Quotas and Throttling
Kafka is often used as a central nervous system shared by hundreds of teams. A single misconfigured application (the “Noisy Neighbor”) could accidentally flood the cluster with gigabytes of data, starving critical production apps of network bandwidth or CPU.
To prevent this, Kafka provides Quotas.
1. Types of Quotas
1.1 Network Bandwidth Quotas
Limits the byte rate (bytes/sec) a client can produce or consume.

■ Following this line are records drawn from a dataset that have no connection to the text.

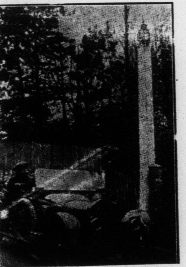
Lighthouse for the roads. An acetylene lamp, erected at Sidcup, England, flashes six times a minute and warns of dangerous crossings.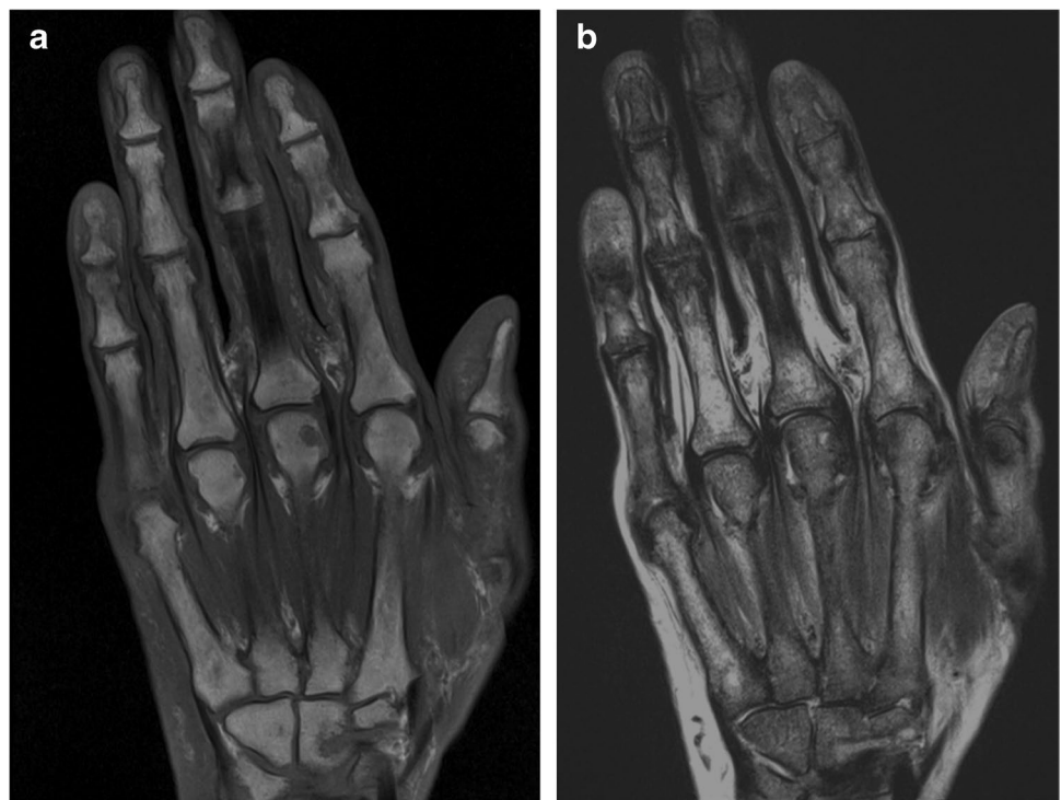
Fig. 1 Coronal MR images of the left hand. (a) Coronal T1W TSE and (b) coronal STIR

The diagnosis can be found at https://doi.org/10.1007/s00256-022-04173-8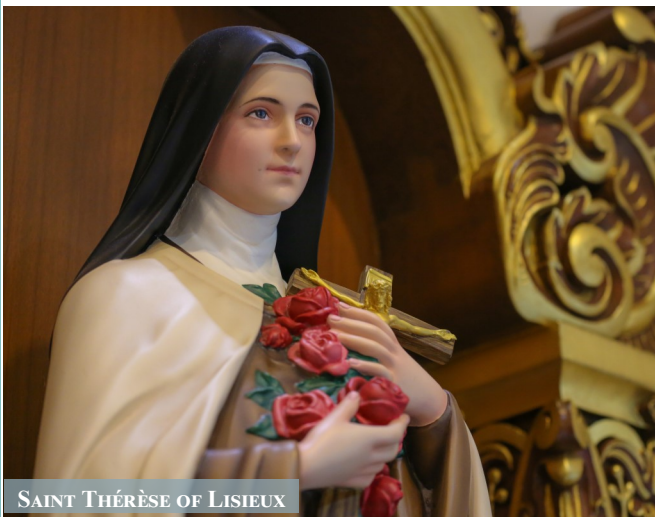
SAINT THÉRÈSE OF LISIEUX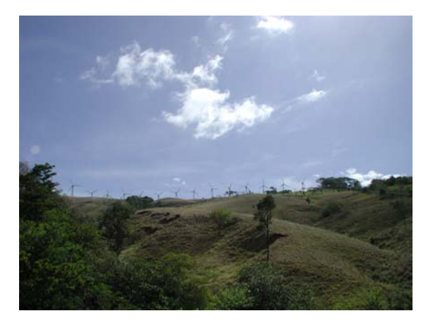
One of six wind farms in Costa Rica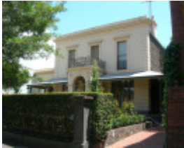
BRAEMAR SOHE 2008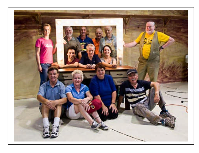
below: This time the set designer, set building team and stage manager for The Dresser have their turn in front of the camera.

the wall and downstage audience right was the stage manager's desk complete with light. A great collection of sound instruments were placed down right for the storm sequence.

producer_byte_rate: Limits produce traffic.consumer_byte_rate: Limits fetch traffic.
1.2 Request Rate Quotas
Limits the percentage of time the broker’s request handler threads spend processing requests from a client.
request_percentage: Prevents CPU exhaustion.
2. Interactive: The Throttler
Simulate a producer sending data. Adjust the quota to see how Kafka throttles the connection by inserting artificial delays (latency) into the response.
3. How Throttling Works
Unlike a firewall that drops packets, Kafka delays the response.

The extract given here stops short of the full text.